Online news: MPs urge clampdown on consumer credit 2 December 2011

MPs have called for more regulation of debt management firms and high-cost credit providers to prevent the exploitation of vulnerable consumers.

Payday lenders, commercial debt advice firms, the Money Advice Service and the bailiff industry were all singled out during an extraordinary Commons debate yesterday as areas where policy action was needed to improve consumer protection levels.

Debt advice in particular, was singled out as an area where more intensive scrutiny of the commercial sector was needed, while further clarity was also required on the future of the free sector.

“The Money Advice Service is evidently a new body still trying to find its feet,” said Alex Cunningham, Labour MP for Stockton North. “But we desperately need a clarification of its role. For example, if it aims to co-ordinate debt advice, does that include fee-charging services?”

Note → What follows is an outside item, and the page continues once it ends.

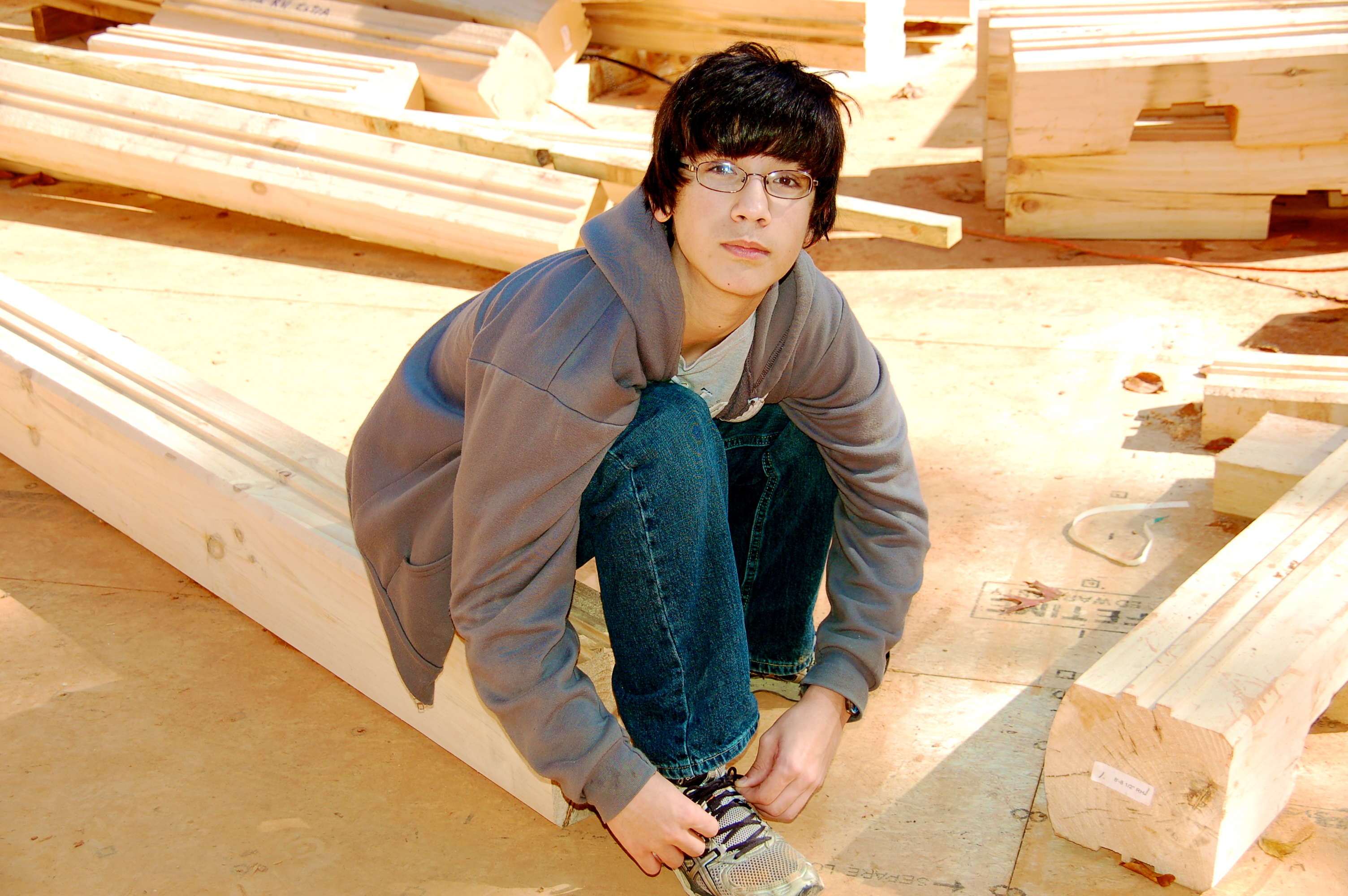 Max kneels down amongst the scattering of logs to tie his shoe
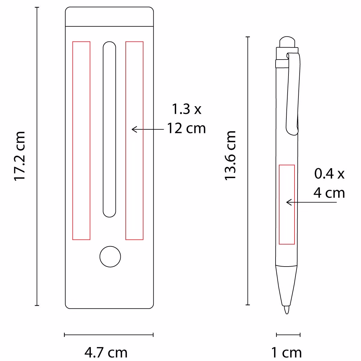 | Área | 0.4 x 4 cm Bolígrafo / 1.3 x 12 cm Estuche |

Tracey Crouch, Conservative MP for Chatham and Aylesford, also criticised commercial debt management companies (DMCs) for putting profit before customer welfare.

She said: “More regulation is not something I typically welcome but, in tackling rogue DMCs it is clearly necessary.

“Currently, a clear bias exists in favour of pushing consumers into plans that are more likely to yield more in fees, rather than focusing on paying down their debts steadily over time. So the debt management plans are not always in consumers’ best interests. In many cases they fail because the level of debt built up is too great and the monthly payments are also too great.”

Meanwhile, George Hollingbery, Conservative MP for Meon Valley, criticised the Ministry of Justice for failing to issues a consultation on regulation of bailiffs.

Citing a pledge from the government manifesto to consult on the matter in the spring, Hollingbery said: “It is not spring 2011 – it is early winter 2011 – and that consultation is still not with us.”

MPs also concluded that more education was needed around payday lending as part of a “three-pronged approach” to dealing with the growth of high-cost, short-term credit products. This approach also includes better regulation and the provision of alternative products.

Addressing the House at the debate of the conclusion, consumer minister Edward Davey acknowledged the concerns, and appeared to share recent concerns expressed by the Office of Fair Trading over potential abuse of continuous payment authority by payday lenders.

He said: “Payday loan companies dipping in and out of people’s bank accounts, taking money set aside for rent and food, is simply not on, and we need codes of practice to reflect that.”